Deuxième génération (depuis 2022)
La nouvelle génération de S-Cross lancée en 2022 adopte un 1.4 Boosterjet mis à jour avec une micro-hybridation 48V (MHEV), nettement plus efficace que le système 12V de la génération précédente. Cette architecture permet une récupération d’énergie plus importante et réduit la consommation de façon plus perceptible en usage réel.
La gen 2 bénéficie également d’améliorations sur la gestion électronique du moteur et sur la qualité de finition intérieure. C’est la génération la plus récente sur le marché de l’occasion, avec encore peu de recul sur les forts kilométrages.

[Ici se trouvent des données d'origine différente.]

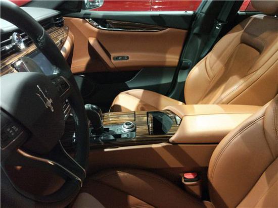 内饰方面:玛莎拉蒂总裁不管是身体坐下还是双手轻放方向盘上,那瞬间的肌肤与手指触感回馈,都能感受到被高级皮革与原木材质所细腻包覆的座椅、方向盘与座舱细部,体现了出所谓豪华跑房车该有的卓越体验。多功能方向盘上装有运动型握柄,中控台上集成了控制装置,仪表也经过改造,在时尚别致的时钟旁,中央凹槽上还添加了一个小型储物盒。
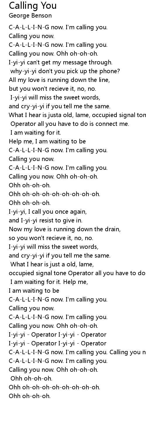 | Calling you now. Ohh oh-oh-oh. | |
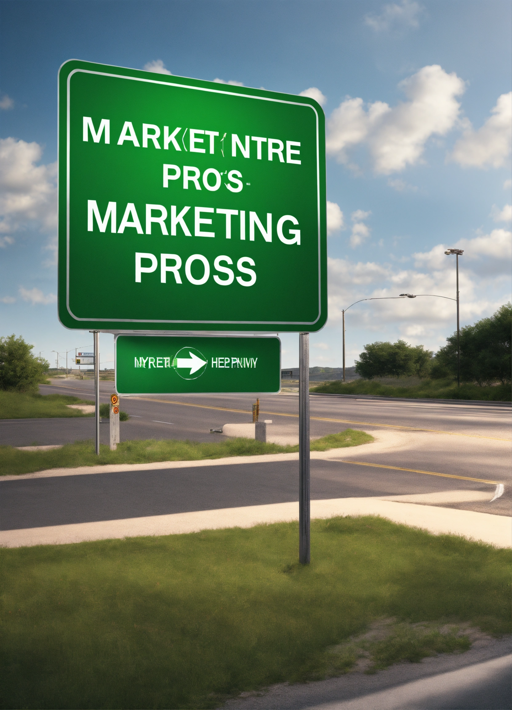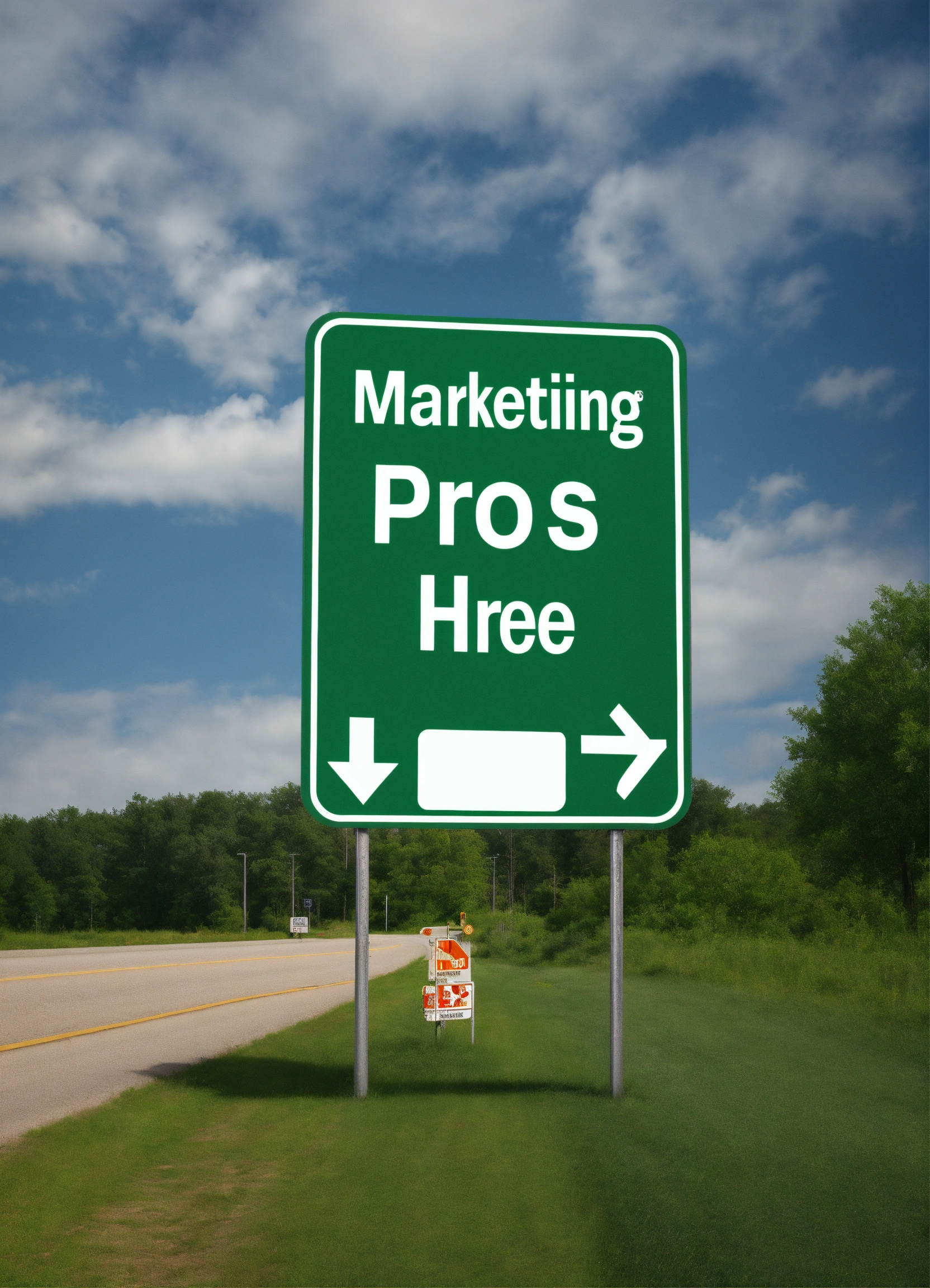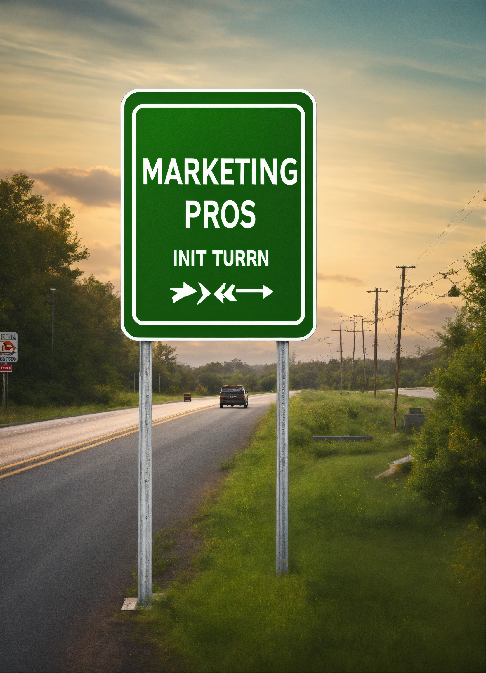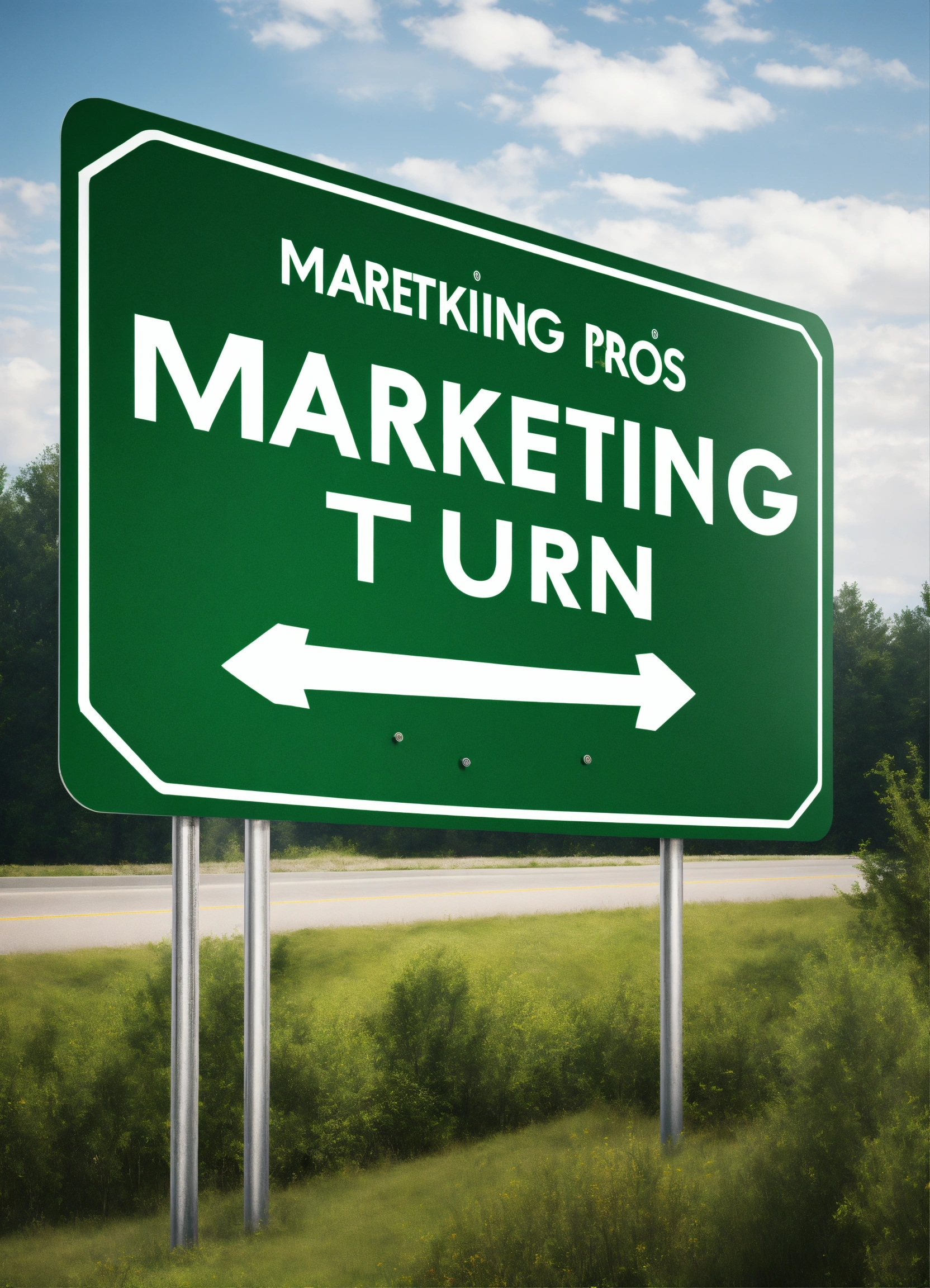Large green rectangular interstate road sign says "marketing pros turn here" in text, 8k, art station, 169, hyperrealism, photorealistic, aluminum posts
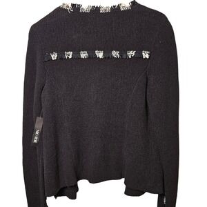 A NIC+ZOE black onyx textured open-front cardigan sweater jacket. This stylish piece features decorative fringe detailing along the edges and collar. Zip pockets on both sides. ⁰The knit fabric offers a comfortable and versatile layering option. New with tags.
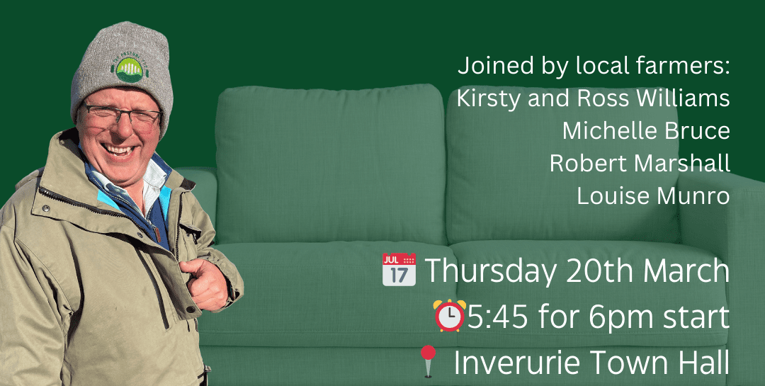 Open to everyone, whatever their age, ‘On the Couch with Michael Blanche’, host of The Pasture Pod, will be held on Thursday 20 March from 5.45-8pm at Inverurie Town Hall. Food provided.

La fiabilité générale : un bilan positif mais nuancé
La réputation de Suzuki sur la fiabilité mécanique est globalement bien établie. Le groupe japonais a construit son image sur des véhicules robustes, peu complexes et économiques à entretenir, particulièrement sur les marchés où la praticité prime sur le prestige.

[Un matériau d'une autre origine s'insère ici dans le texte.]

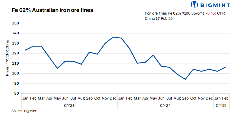 China’s iron ore fines (Fe 62%) spot prices declined for the third consecutive day on 17 Feb’25, by $0.45/t d-o-d to $106.35/t CFR, amid cautious buying, stemming from weak market fundamentals. Reportedly, the market remained largely unchanged, with procurement lagging due to weak mill margins. Australian ports and mining operations are gradually resuming post-Hurricane Zelia, but shipments have been affected, leading to delayed vessel schedules.
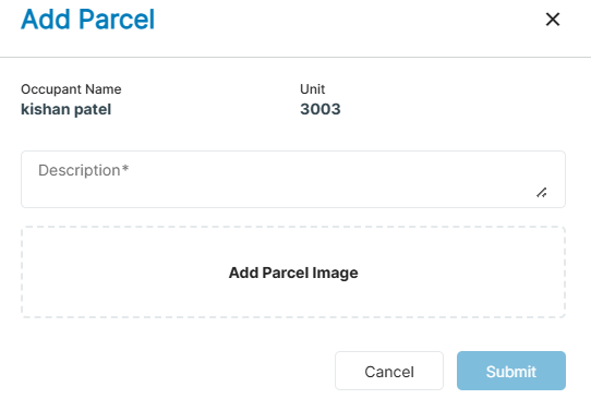 - Add Parcel – Allows you to notify the resident a package is waiting for them to pick up.
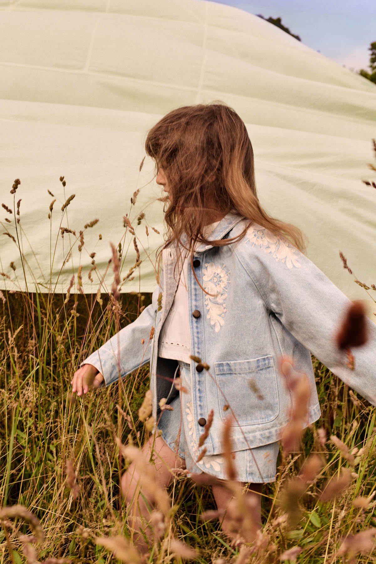 Te gek denim jasje van Louise Misha met bloem borduurwerk. Het rechte oversized model heeft knopen aan de voorkant en 2 steekzakken. Hij is gemaakt van een geweven katoen. Er is ook een bijpassende short! Lees meer

Le 1.4 Boosterjet s’inscrit dans cette tradition. Les retours propriétaires disponibles sur les forums spécialisés et les analyses de marché indiquent une absence de défaut chronique structurel sur le bloc moteur lui-même. Aucun rappel massif lié à un défaut de conception majeur n’est documenté sur cette motorisation en version S-Cross.
Les problèmes signalés restent ponctuels et concernent principalement des composants périphériques plutôt que le moteur à proprement parler. C’est un bilan qui le positionne favorablement par rapport à plusieurs concurrents directs dont les motorisations turbo de cette génération ont généré des volumes de réclamations plus importants.

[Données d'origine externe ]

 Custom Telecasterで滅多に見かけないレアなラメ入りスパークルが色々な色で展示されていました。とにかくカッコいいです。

Les points de vigilance documentés
L’encrassement de l’injection directe
Comme sur l’ensemble des moteurs à injection directe modernes, le 1.4 Boosterjet est susceptible de développer des dépôts sur les soupapes d’admission avec le kilométrage. Les soupapes ne sont pas « lavées » par le carburant dans ce type d’injection, ce qui favorise l’accumulation progressive de calamine sur les têtes de soupape.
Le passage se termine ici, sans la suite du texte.